From the entries below, print exactly the span beginning with the line holding "味の素グループの歴史や、うま" and ending with the line holding "Wandering into the", endpoints included, and skip any pictures.
Exercise inputs Start Marker
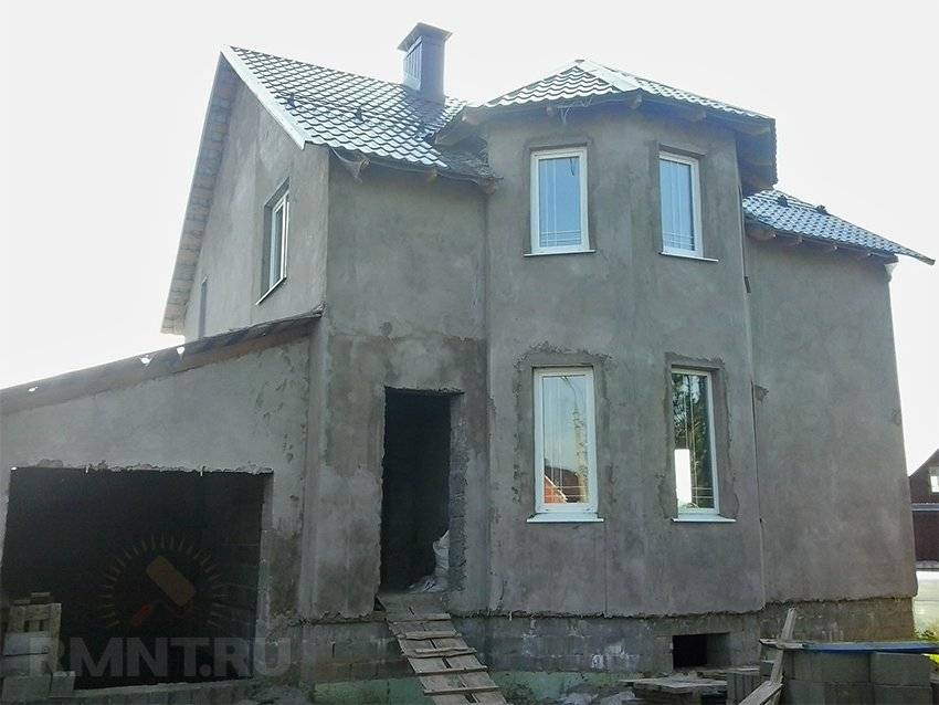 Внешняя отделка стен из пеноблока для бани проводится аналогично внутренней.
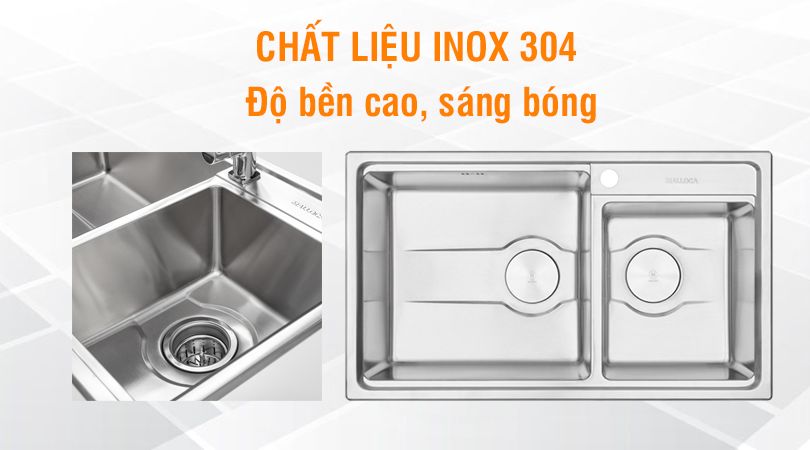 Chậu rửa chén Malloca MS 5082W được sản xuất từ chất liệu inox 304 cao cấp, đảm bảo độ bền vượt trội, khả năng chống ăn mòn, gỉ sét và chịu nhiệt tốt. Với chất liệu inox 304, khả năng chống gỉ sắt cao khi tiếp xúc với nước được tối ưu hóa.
Exercise inputs End Marker
Exercise inputs Start Marker
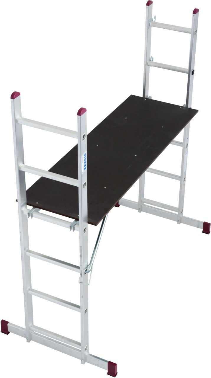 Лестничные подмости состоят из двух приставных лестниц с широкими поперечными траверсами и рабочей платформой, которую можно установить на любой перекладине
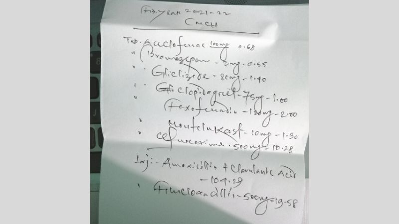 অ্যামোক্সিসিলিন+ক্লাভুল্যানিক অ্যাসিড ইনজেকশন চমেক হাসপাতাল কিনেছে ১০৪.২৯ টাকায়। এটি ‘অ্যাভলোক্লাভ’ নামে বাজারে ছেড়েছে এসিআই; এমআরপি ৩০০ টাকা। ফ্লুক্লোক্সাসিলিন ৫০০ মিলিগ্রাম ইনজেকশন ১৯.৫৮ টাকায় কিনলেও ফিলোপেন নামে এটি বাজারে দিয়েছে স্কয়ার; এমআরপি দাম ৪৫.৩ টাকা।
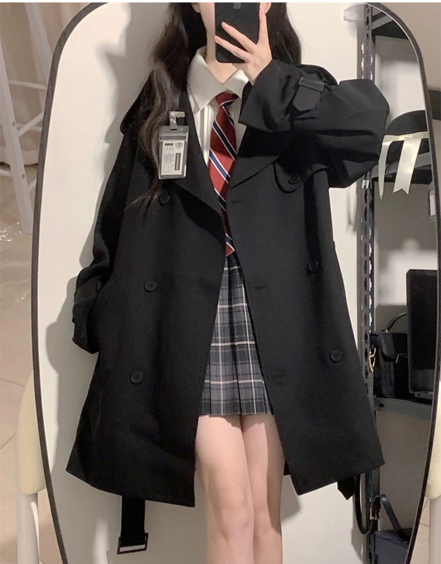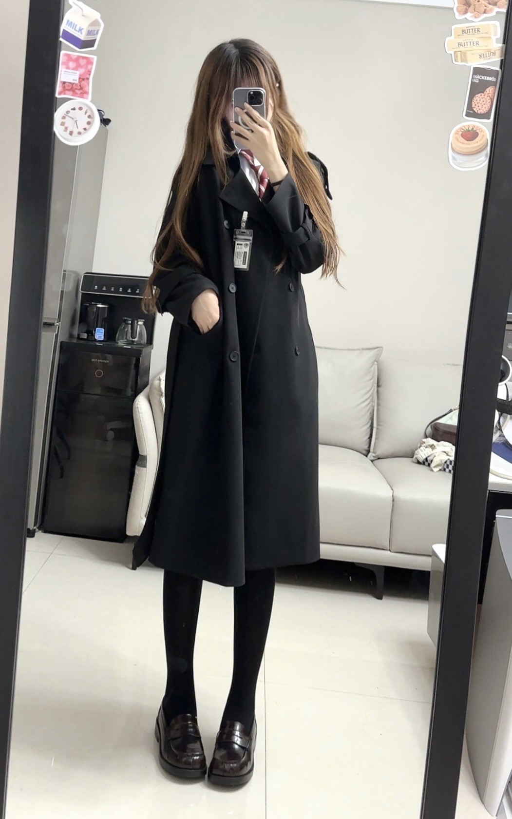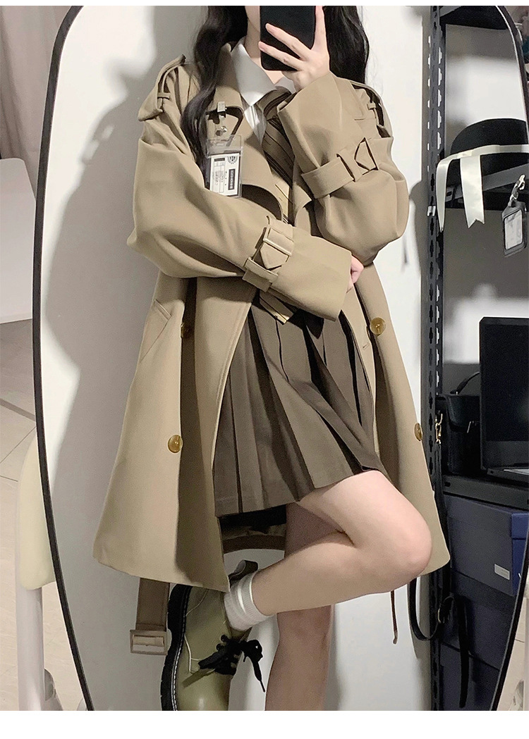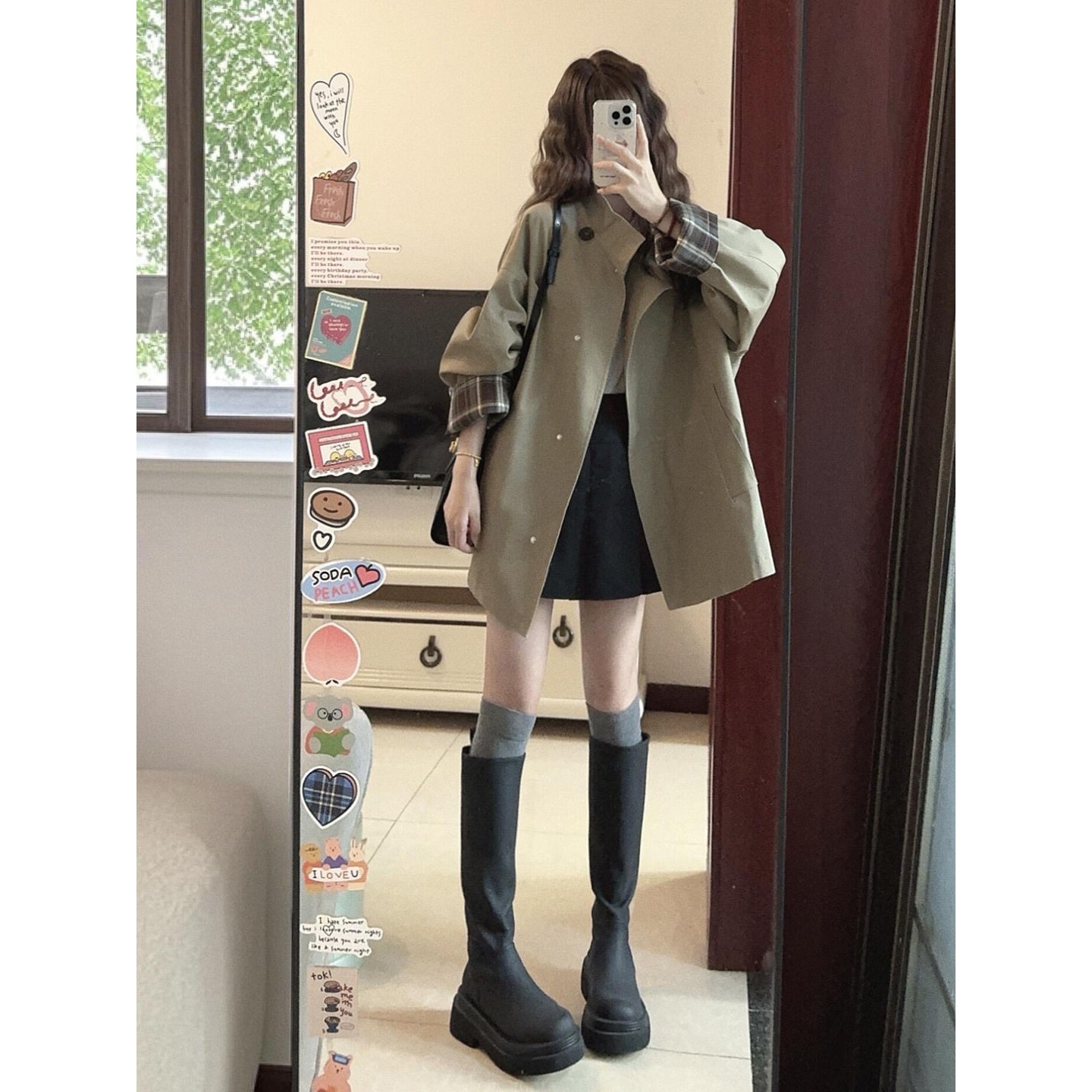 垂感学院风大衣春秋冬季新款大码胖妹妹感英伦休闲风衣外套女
Exercise inputs End Marker
Exercise inputs Start Marker
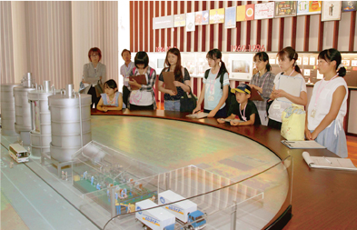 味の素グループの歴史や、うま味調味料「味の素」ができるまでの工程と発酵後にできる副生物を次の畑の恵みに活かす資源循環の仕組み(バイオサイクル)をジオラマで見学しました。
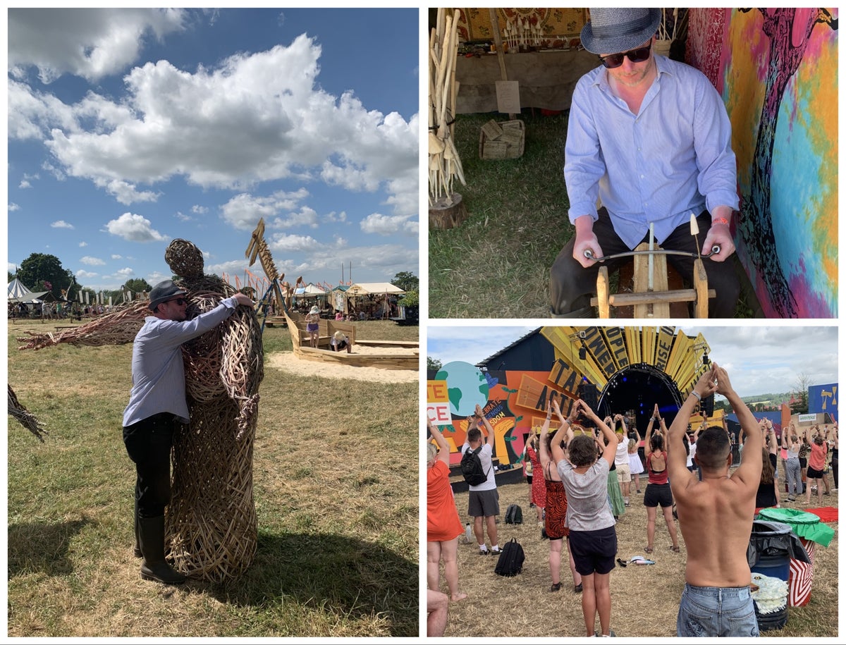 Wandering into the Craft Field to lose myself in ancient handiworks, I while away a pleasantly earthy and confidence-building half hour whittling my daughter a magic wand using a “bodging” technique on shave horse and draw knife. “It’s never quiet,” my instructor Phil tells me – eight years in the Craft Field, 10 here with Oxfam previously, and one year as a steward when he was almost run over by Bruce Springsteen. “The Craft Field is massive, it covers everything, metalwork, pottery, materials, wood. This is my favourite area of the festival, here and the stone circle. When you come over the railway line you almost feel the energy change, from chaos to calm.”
Exercise inputs End Marker
The answer:
 味の素グループの歴史や、うま味調味料「味の素」ができるまでの工程と発酵後にできる副生物を次の畑の恵みに活かす資源循環の仕組み(バイオサイクル)をジオラマで見学しました。
 Wandering into the Craft Field to lose myself in ancient handiworks, I while away a pleasantly earthy and confidence-building half hour whittling my daughter a magic wand using a “bodging” technique on shave horse and draw knife. “It’s never quiet,” my instructor Phil tells me – eight years in the Craft Field, 10 here with Oxfam previously, and one year as a steward when he was almost run over by Bruce Springsteen. “The Craft Field is massive, it covers everything, metalwork, pottery, materials, wood. This is my favourite area of the festival, here and the stone circle. When you come over the railway line you almost feel the energy change, from chaos to calm.”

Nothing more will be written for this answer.